***** Material for the task *****

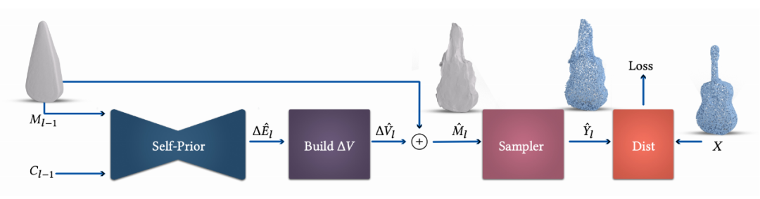 图 4:在 l 层上 Point2Mesh 框架概览。
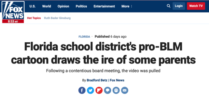 《福克斯》新闻报道称,佛罗里达州一学区的BLM运动相关课程引起了部分家长的不满
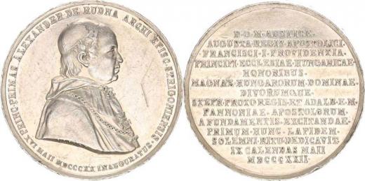 Arcibiskup Alexander de Rudna, poprsí zprava / Položení základní ho kamene nové katedrály 1822, 14-ti řádkový nápis sign.: Lang Ag 30,5 mm 13,214 g, rysky
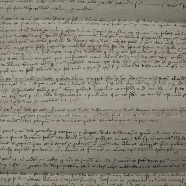 […] dictam Aliciam Scaryot quis causauerat ipsam Aliciam diffamare Agnetam vxorem eiusdem Edmundi
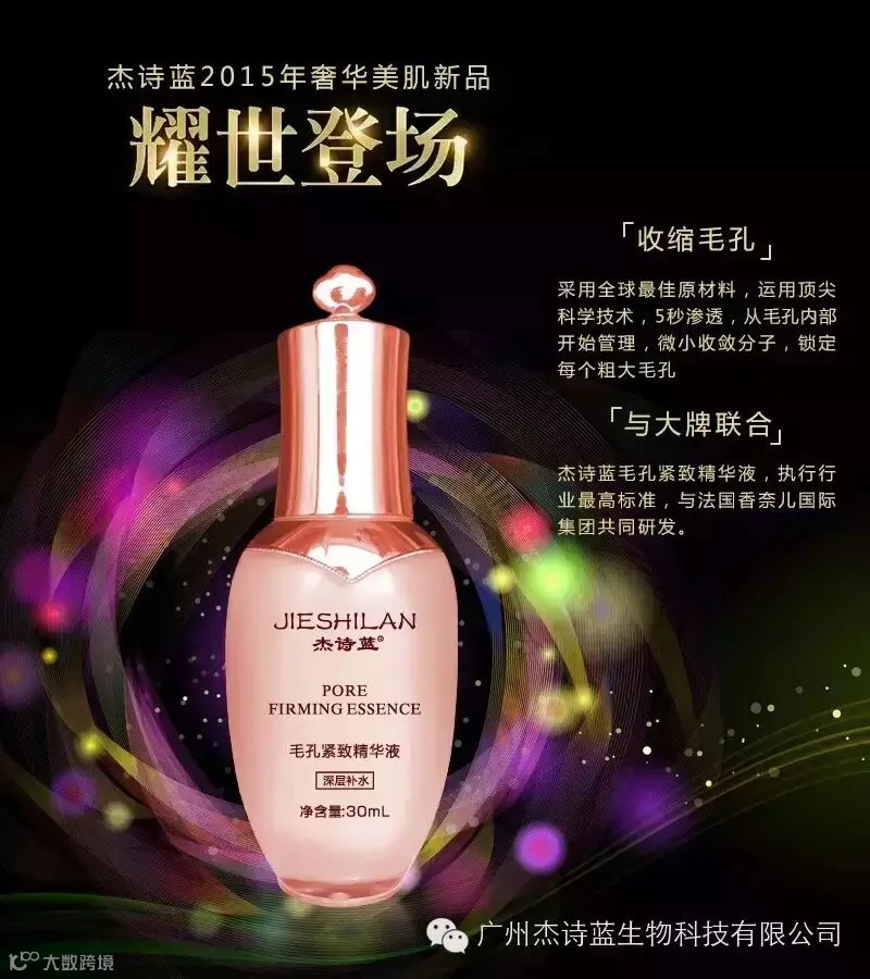 杰诗蓝毛孔紧致精华液,执行行业安全高效最高标准,与法国香奈儿国际集团共同研发,并联合韩国首尔大学生命科学研究院。采用全球最佳原材料,运用顶尖科学技术,5秒渗透,从毛孔内部开始管理,微小收敛分子,锁定每个粗大毛孔,提升胶原蛋白合成速度,7天见效,彻底消灭肌肤“杀手”,由表及里恢复肌肤弹性紧致,细腻柔滑触手可得。
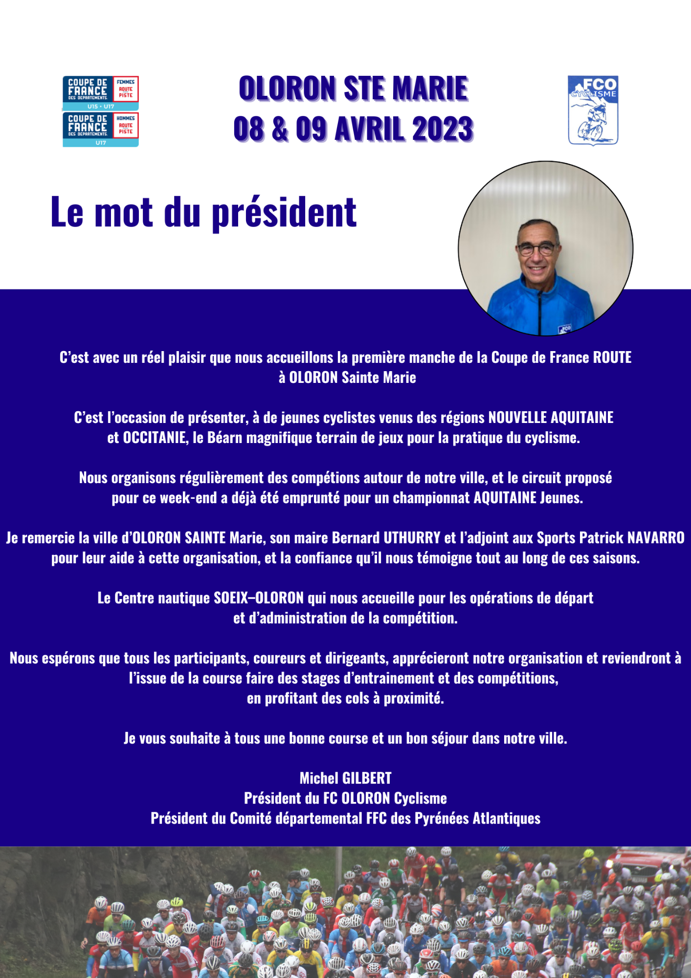 Le FC Oloron cyclisme à l'honneur de vous annoncer qu'il a été choisi pour l'organisation de la première étape de la coupe de France U17 2023.
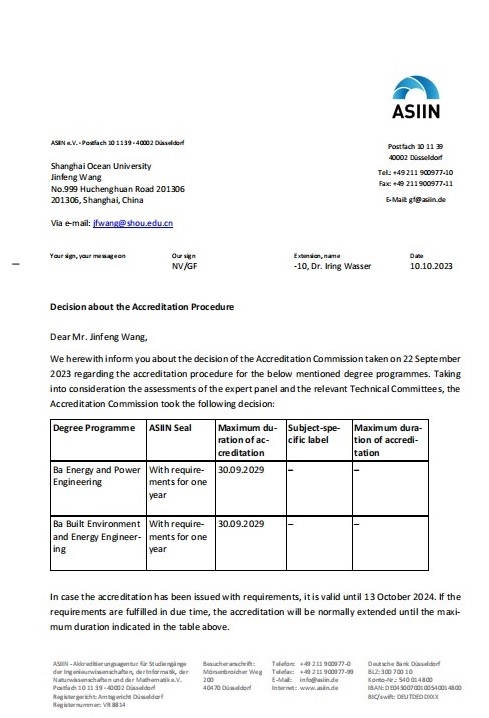 Recently, the German Accreditation Agency for Study Programs in Engineering, Informatics, Natural Sciences and Mathematics(ASIIN), a Europe-based professional accreditation agency, issued a notice stating that: two programs of the College of Food Science and Technology of Shanghai Ocean University (SHOU), i.e., Energy and Power Engineering and Built Environment and Energy Engineering, both passed ASIIN Accreditation on October10, 2023.
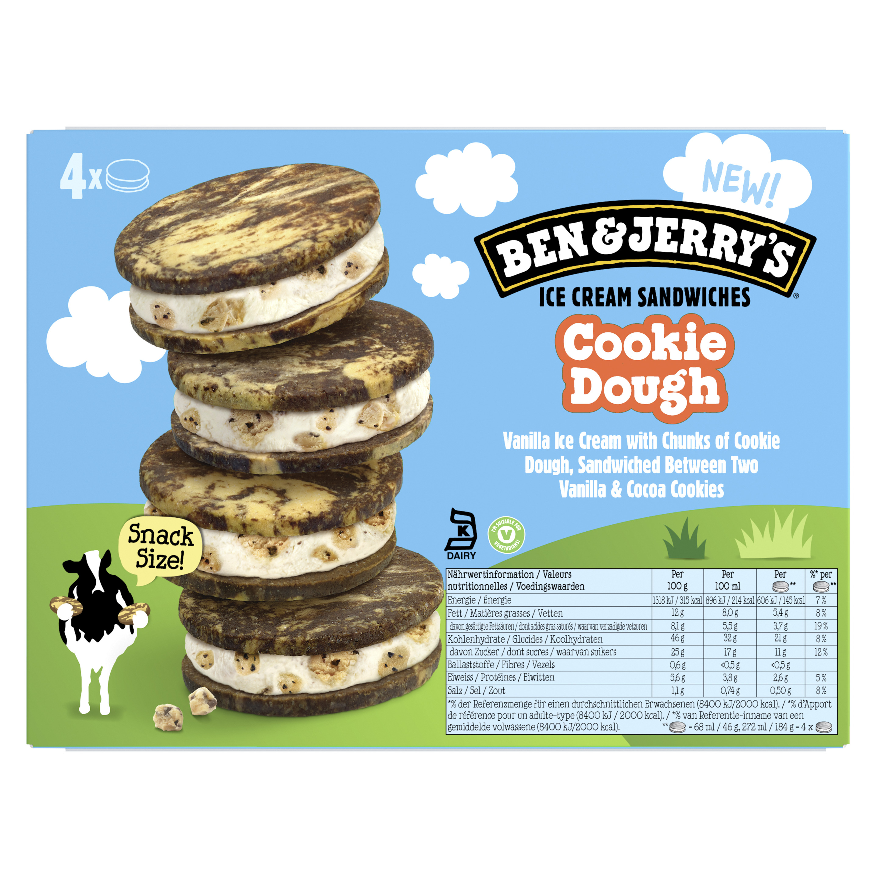 Produktinformationen "Ben & Jerry's Cookie Dough Ice Cream Sandwich Multipack 4x 68ml"
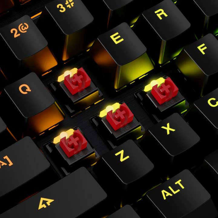 Salah satu daya tarik utama dari HyperX Alloy MKW100 ini adalah penggunaan switch TTC Red. Switch ini terkenal dengan kehalusannya, ideal untuk mengetik maupun bermain game.
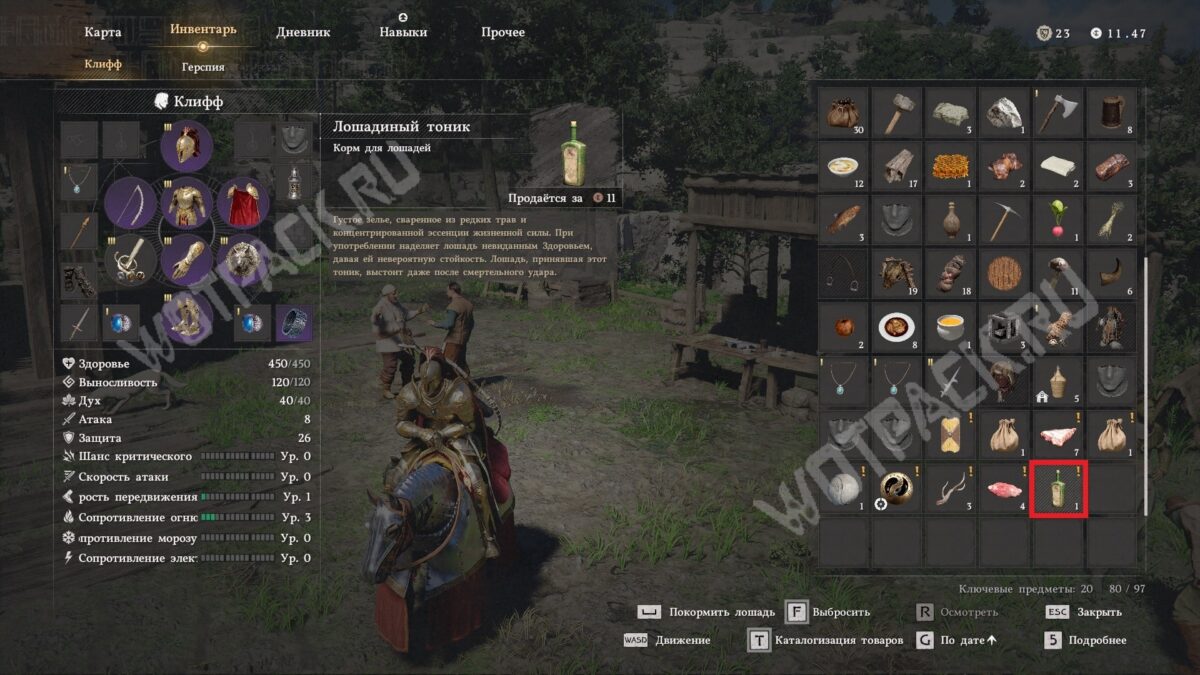 Для восстановления здоровья питомца применяются расходники, которые можно купить у специального торговца. Если мало денег, используйте более доступные средства — активируйте навык из категории «Дух» или обратитесь к конюху.
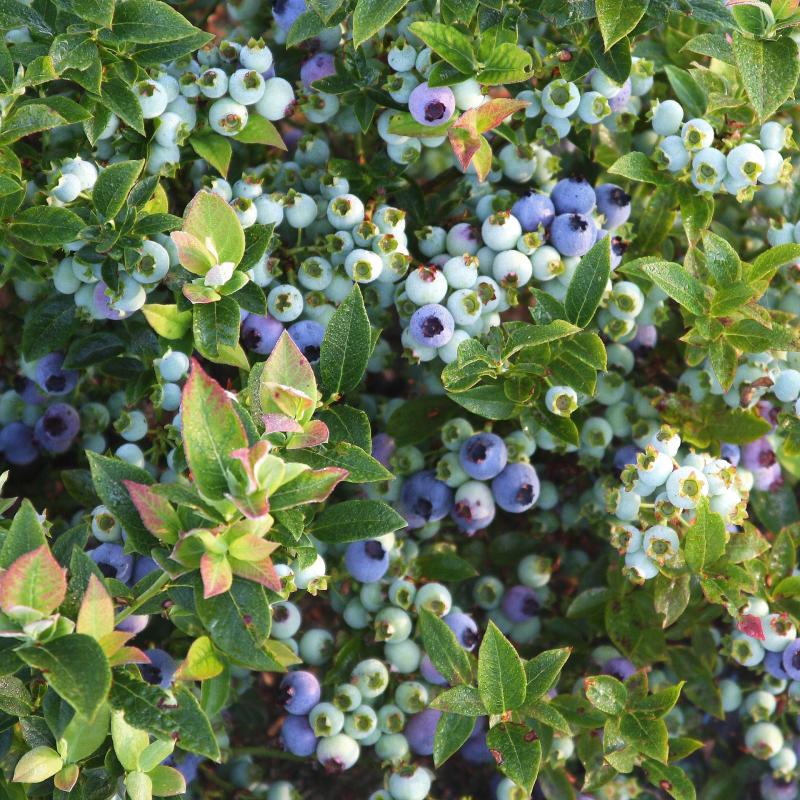 An excellent dwarf variety suited to a low hedge or containers, 'Jelly Bean' produces delicious sweet berries in mid July and provides an excellent red fall color later on.
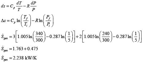 Consider constant specific heat of air is 1005J/kgK and gas constant is 287J/kgK. There is no work transfer across the boundary of this device. The rate of entropy generation is _____ kW/K (round off to one decimal place).
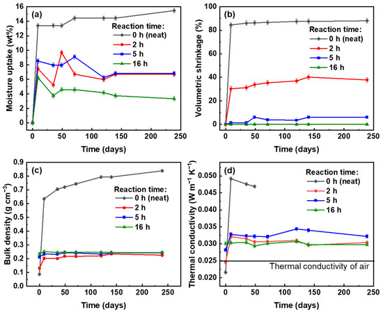 (a) Moisture uptake, (b) volumetric shrinkage, (c) bulk density, and (d) thermal conductivity as a function of residence time in the climatic chamber for neat pectin aerogels (formulation (2, 2, A) and the corresponding composite aerogels made after 2 h, 5 h, or 16 h MTMS deposition.

*****

» **What the exercise asks**:
Although pictures appear among the records above, none are to be output; print exactly the lines from the line containing "杰诗蓝毛孔紧致精华液,执行行" through the line containing "Recently, the German".

» **Written solution**:
 杰诗蓝毛孔紧致精华液,执行行业安全高效最高标准,与法国香奈儿国际集团共同研发,并联合韩国首尔大学生命科学研究院。采用全球最佳原材料,运用顶尖科学技术,5秒渗透,从毛孔内部开始管理,微小收敛分子,锁定每个粗大毛孔,提升胶原蛋白合成速度,7天见效,彻底消灭肌肤“杀手”,由表及里恢复肌肤弹性紧致,细腻柔滑触手可得。
 Le FC Oloron cyclisme à l'honneur de vous annoncer qu'il a été choisi pour l'organisation de la première étape de la coupe de France U17 2023.
 Recently, the German Accreditation Agency for Study Programs in Engineering, Informatics, Natural Sciences and Mathematics(ASIIN), a Europe-based professional accreditation agency, issued a notice stating that: two programs of the College of Food Science and Technology of Shanghai Ocean University (SHOU), i.e., Energy and Power Engineering and Built Environment and Energy Engineering, both passed ASIIN Accreditation on October10, 2023.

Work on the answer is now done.